Digging through our company's repos, I found the creative solution below that does what we're looking for. Have yet to test out its performance improvement over the current 'explode' solution. It does what I asked for in the original question, but it is a bit complex (though well commented).
/*
STEP 1: Input
*/
DROP TABLE IF EXISTS <your_db>.tmp_completedatepairs;
CREATE TABLE AS <your_db>.tmp_completedatepairs AS
SELECT CONCAT(isnull(accountid, ''), "-", isnull(provider, '')) AS tag
, startdate
, enddate
FROM <your_db>.example
WHERE startdate IS NOT NULL
AND enddate IS NOT NULL;
/*
STEP 2: Create new pairs of start and end dates that are
better time span tiles across the stay period
*/
DROP TABLE IF EXISTS <your_db>.tmp_respaned_input;
CREATE TABLE <your_db>.tmp_respaned_input AS
SELECT SD.tag
, SD.startdate
, ED.enddate
FROM (SELECT *
, ROW_NUMBER() OVER (PARTITION BY tag ORDER BY startdate ASC) AS rnsd
FROM <your_db>.tmp_completedatepairs) AS SD
LEFT JOIN
(SELECT *
, ROW_NUMBER() OVER (PARTITION BY tag ORDER BY enddate ASC) AS rned
FROM <your_db>.tmp_completedatepairs) AS ED
ON SD.tag=ED.tag
AND SD.rnsd=ED.rned;
/*
STEP 3: Find gaps >1day and define stays around them
This consists of several substeps:
(a) Isolate all start dates that are more than 1 day after a preceding start date with the same tag, or are the earliest date for the tag. Number them in order.
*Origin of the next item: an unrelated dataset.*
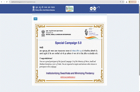 - “Special Campaign 5.0” stands as a testament to the unwavering commitment of the Ministry of MSME towards fostering a cleaner, more efficient, and sustainable working environment. The Ministry remains dedicated to consolidating these achievements and institutionalizing best practices to ensure that the MSME sector continues to play a pivotal role in driving inclusive economic growth, productivity, and sustainable development across the nation.
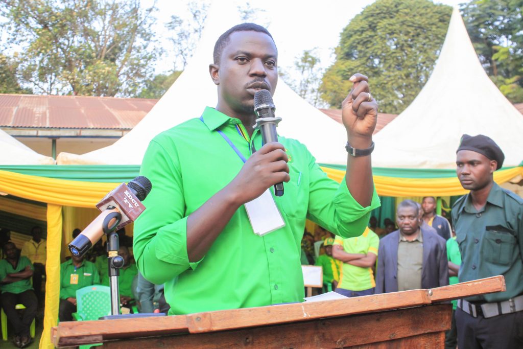 Waziri wa Viwanda na Biashara Mhe. Innocent Bashungwa akiwashukuru wajumbe wa mkutano mkuu mara baada ya kutangazwa mshindi wa kura za maoni wakati wa mkutano mkuu wa Chama cha Mapinduzi jimbo la Karagwe Mkoani Kagera

(b) Isolate all end dates that are more than 1 day before a following end date with the same tag, or are the last date for the tag. Number them in order.
(c) Match together corresponding start and end dates after SELECTing only those dates that terminate a case (rather than dates that occur within case boundaries)
*/
DROP TABLE IF EXISTS <your_db>.results;
CREATE TABLE <your_db>.resuts AS
-- (c) Match together corresponding start and end dates after SELECTing only those dates that terminate a case (rather than dates that occur within case boundaries)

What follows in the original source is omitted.